== GIVEN RECORDS ==
========
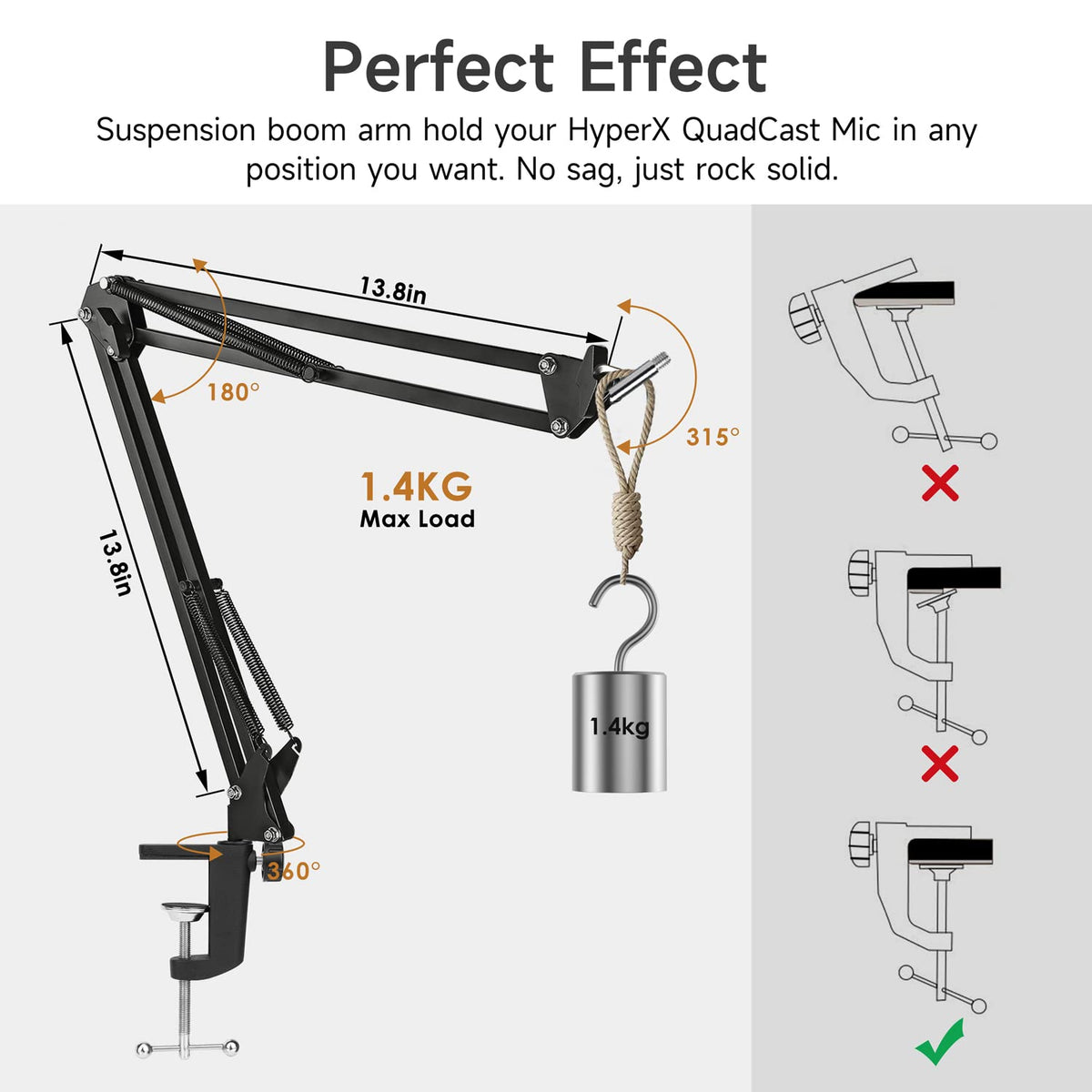 Is The Desktop Microphone No Longer Able To Meet Your Needs? Continuously Adjusting The Height Of The Chair To Keep The Mic Next To The Mouth? The Microphone Often Pops Or Is Disturbed By Nearby Noises? Then This Hyperx Quadcast Boom Arm With Pop Flter Can Help You. Rugged Synthetic Metal, Dual Support Arms And Springs For A Variety Of Situations. The Hyperx Quadcast Mic Stand Boom Can Be Rotated 360 Horizontally, The Upper Boom Can Be Adjusted Up And Down 180, And The Extension Rod Can Be Rotated 270. The Hyperx Quadcast S Mic Stand Is Easy To Adjust And Has 2 Rotary Knobs, Which Can Be Tightened At Any Time To Maintain The Ideal Position. Microphone Pop Filter Specially Adapted For Hyperx Quadcast, Perfect Fit, Filter Surrounding Noise, Make Your Voice More Clearly Conveyed. Note: Product Does Not Include A Microphone Specification Stand Length: 13 Inches X 13.8 Inches Max Clamping Thickness Of The Base: 1.8 Inches Max Load: 3.1Lb (1.4Kg)
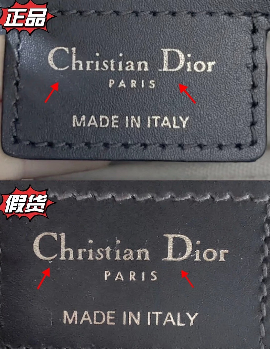 - The easiest way to tell if your Dior bags are real or fake is to examine the serial number printed on the leather plate. If you look at the digit closely, you can see that the digits on real Dior bags are clearly printed end engraved on the letter place. However, the digits might have a flat bottom on the fake Dior bags. As you can see from the picture below, the bottom one is a fake Dior bag, and the digit '0' and '5' have a flat printing in the bottom, which is very different from naturally printed digits on real Dior bags.
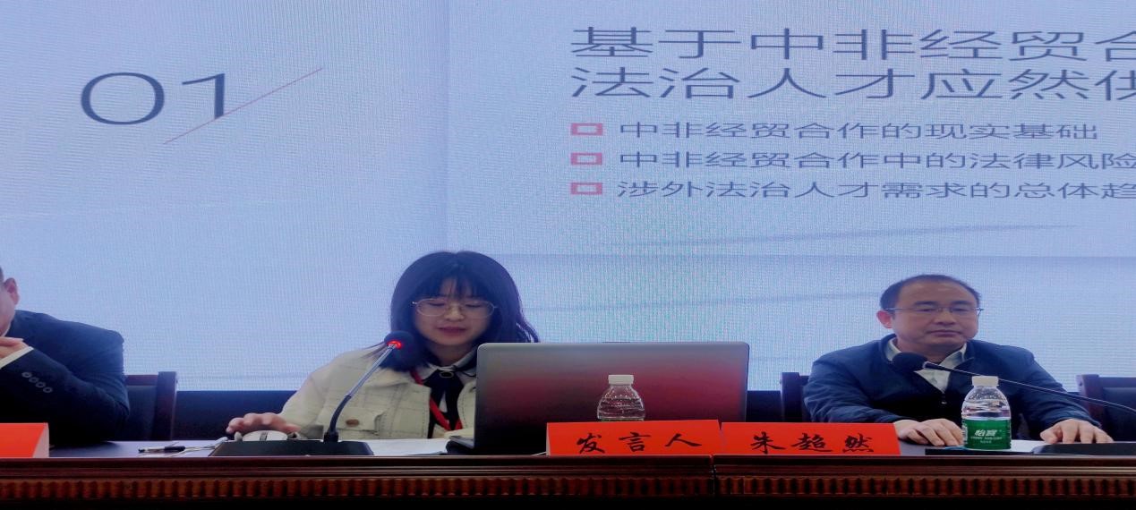 硕士培养质量的肯定。其中李小明教授指导的朱超然同学撰写了《新时代涉外法治人才培养模式探究——基于中非经贸合作人才需求分析》,荣获本次会议二等奖,并在“湘非经贸合作的法治保障与人才培养”主题研讨会做学术发言。论文和发言围绕湖南省中非涉外法治人才培育问题及相关对策提出进行阐述,获得了在场专家学者的一致认可。
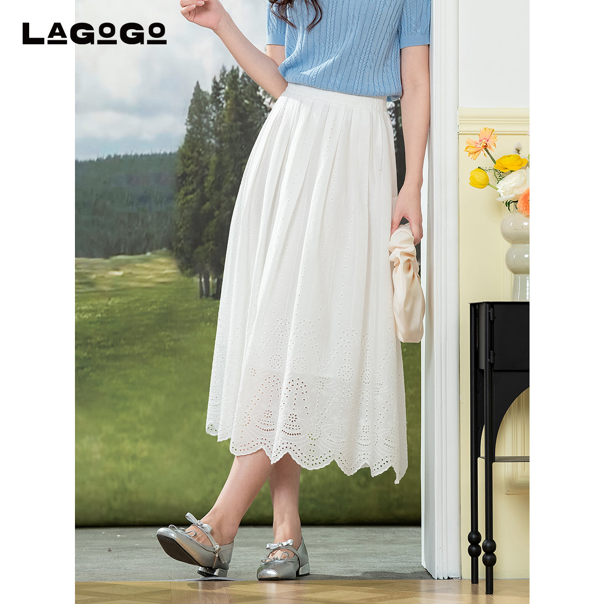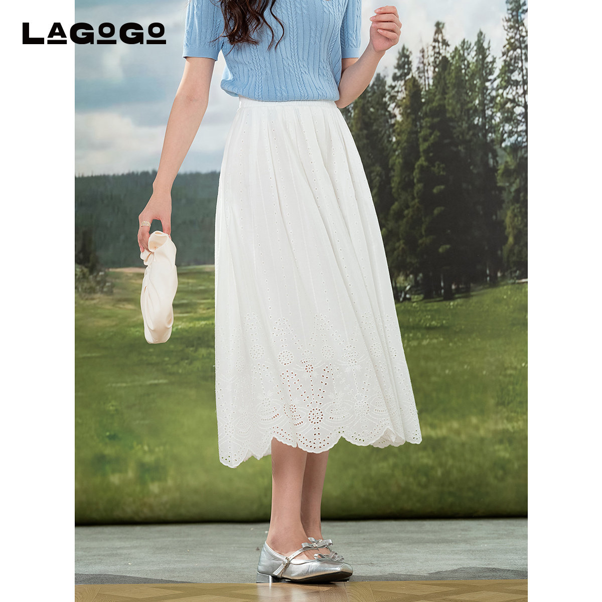 LAGOGO白色纯棉镂空刺绣半身裙女拉谷谷2025夏季新款高腰百搭裙子
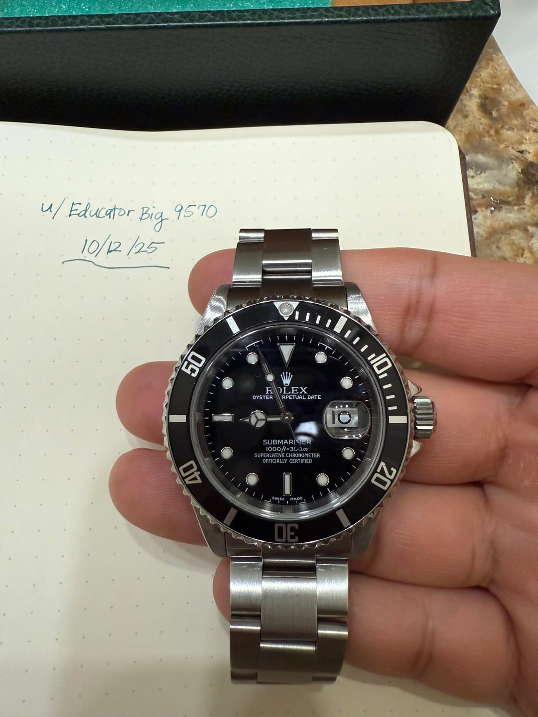 Hi all, Selling my beloved Rolex Submariner Date 16610 Y-serial number, 2002-2003. It will come with box, no papers. Happy to send any additional pictures or verifications Prefer Zelle but open to Venmo or PayPal. $8550 obo + shipping of your choice. Open to trades or offers. Thanks!
========
== AIM OF THE TASK ==
Reproduce, word for word, every line from the one that contains "- The easiest" to the end of the data, including both ends; omit all pictures.

== TASK OUTPUT ==
 - The easiest way to tell if your Dior bags are real or fake is to examine the serial number printed on the leather plate. If you look at the digit closely, you can see that the digits on real Dior bags are clearly printed end engraved on the letter place. However, the digits might have a flat bottom on the fake Dior bags. As you can see from the picture below, the bottom one is a fake Dior bag, and the digit '0' and '5' have a flat printing in the bottom, which is very different from naturally printed digits on real Dior bags.
 硕士培养质量的肯定。其中李小明教授指导的朱超然同学撰写了《新时代涉外法治人才培养模式探究——基于中非经贸合作人才需求分析》,荣获本次会议二等奖,并在“湘非经贸合作的法治保障与人才培养”主题研讨会做学术发言。论文和发言围绕湖南省中非涉外法治人才培育问题及相关对策提出进行阐述,获得了在场专家学者的一致认可。
 LAGOGO白色纯棉镂空刺绣半身裙女拉谷谷2025夏季新款高腰百搭裙子
 Hi all, Selling my beloved Rolex Submariner Date 16610 Y-serial number, 2002-2003. It will come with box, no papers. Happy to send any additional pictures or verifications Prefer Zelle but open to Venmo or PayPal. $8550 obo + shipping of your choice. Open to trades or offers. Thanks!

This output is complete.